TLT: What do you think will be the most significant changes impacting the industrial marketplace 10 years down the line? What will be the same?
It is clear to me that the needs for lubricant fuel economy and energy efficiency will be important issues for years to come. This realization comes from looking at global energy outlooks in the longer term. For example, the ExxonMobil Energy Outlook indicates that energy savings is an important factor in the overall balance for global energy supply and demand. The accompanying chart illustrates that significant growth in energy demand is predicted by 2030 for all global energy sectors.
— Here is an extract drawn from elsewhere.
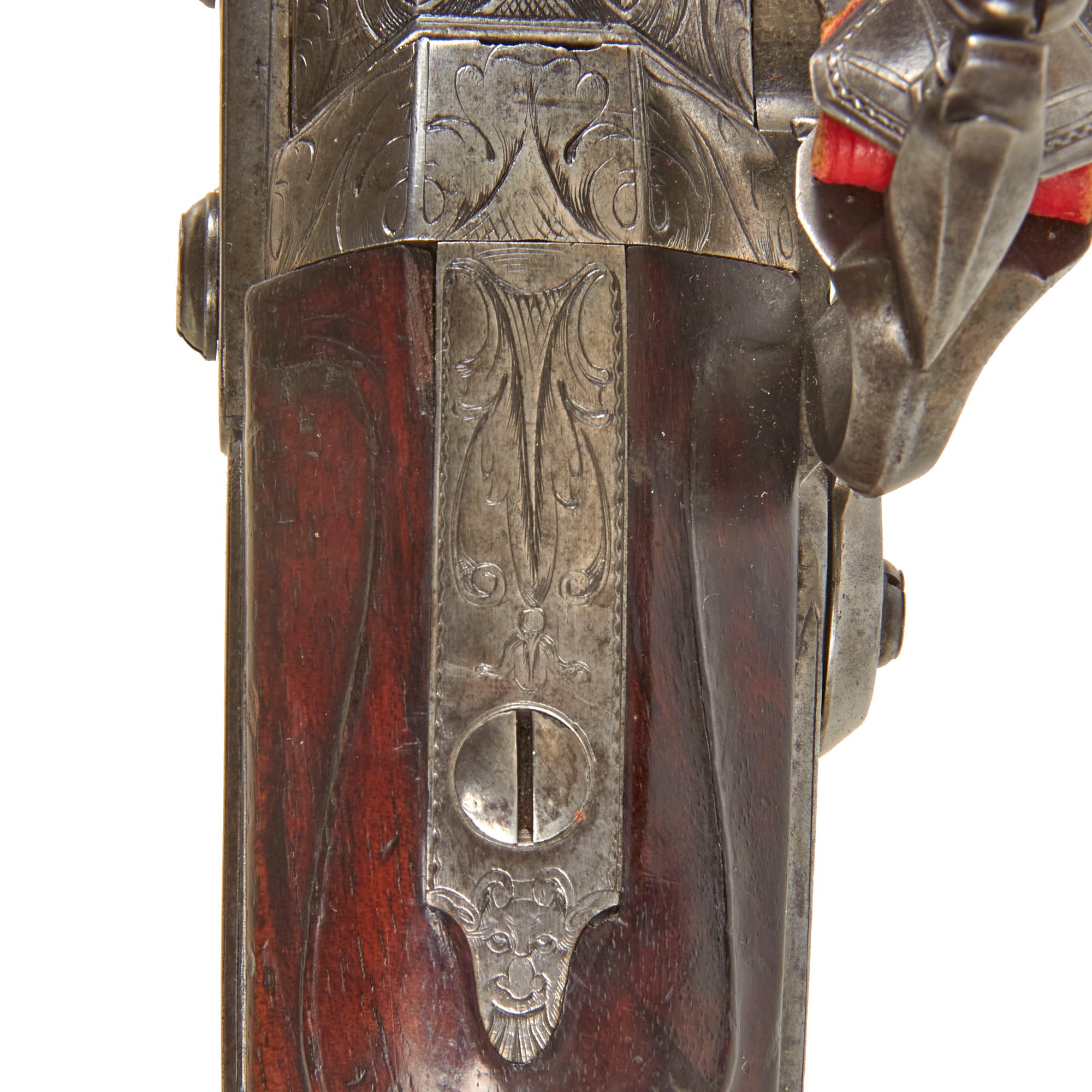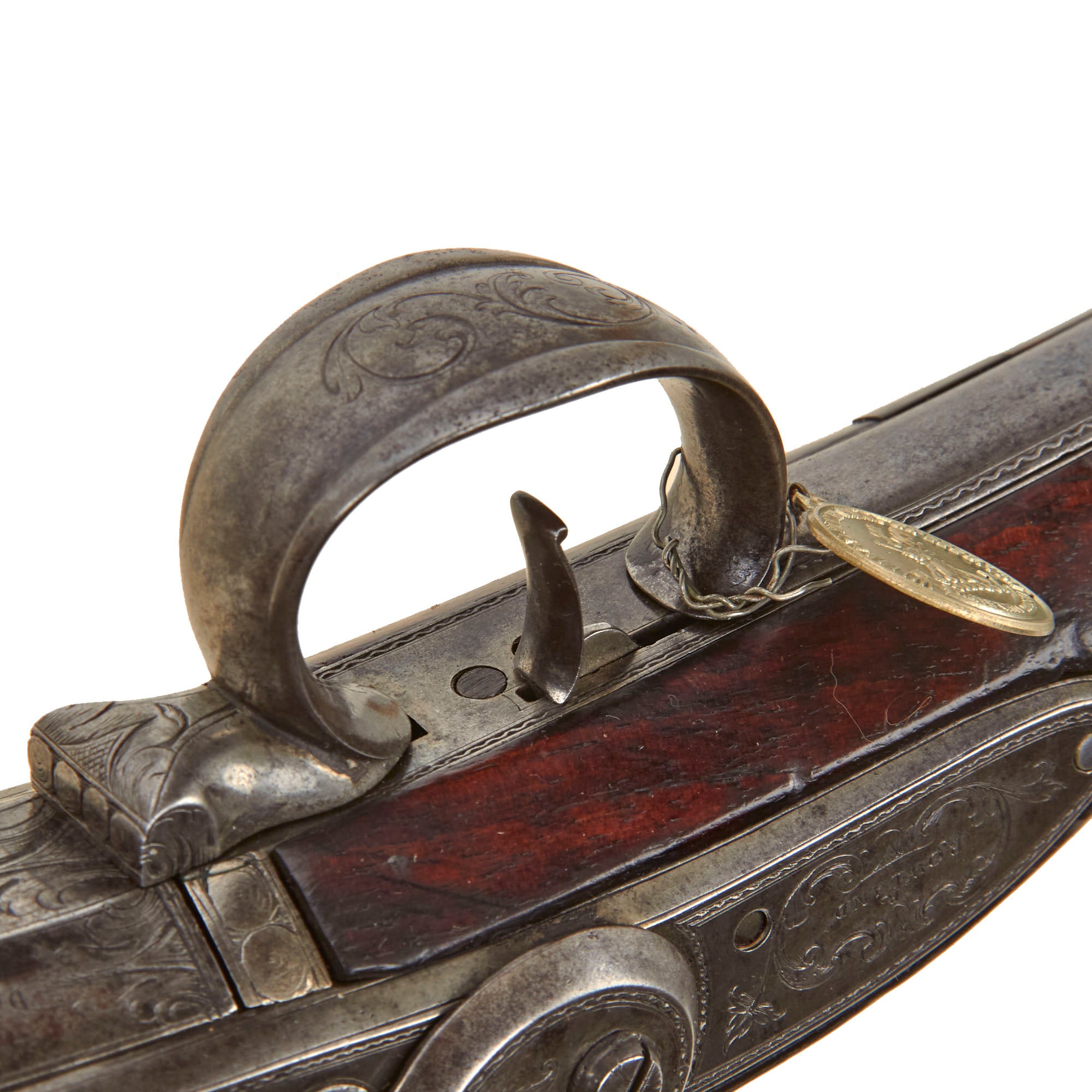 The firearm measures 42 1/4 inches in overall length and features a 26 5/8 inch 10-bore swamped, three-stage tip-up barrel engraved with acanthus foliage. The gun is extensively decorated throughout, including a distinctive “Devil’s Mask” engraved on the finial of the barrel tang. It is stocked in beautifully figured walnut, with a carved shell relief surrounding the tang. There is an old repaired crack at the grip area, which has not been altered. The rear of the wrist is fitted with a decorative escutcheon bearing the owner’s monogram, which appears to read either “PR” or “TR.”

However, improving efficiencies from many sources will be required to balance the energy demand equation. Some of this will be equipment design changes, but some of it will be lubricant- derived energy efficiencies. Lubricants will need to evolve in any case if we are to meet our overall energy needs.

I also expect the pressure for lubricants to keep up with evolving equipment design trends will only accelerate.

(Source: ExxonMobil Energy Outlook, 2009)

Our customers’ need for improved productivity will continue to increase, and equipment builders will continue to evolve designs to keep pace with these needs. Our challenge, as an industry, is to participate in this progression by building innovative, new lubricant technologies that will enhance the next steps in this evolution.

ExxonMobil is clearly committed to this objective and has a strong technology program focused on lubricant research and development that will drive the formulation of many new lubricant breakthrough products.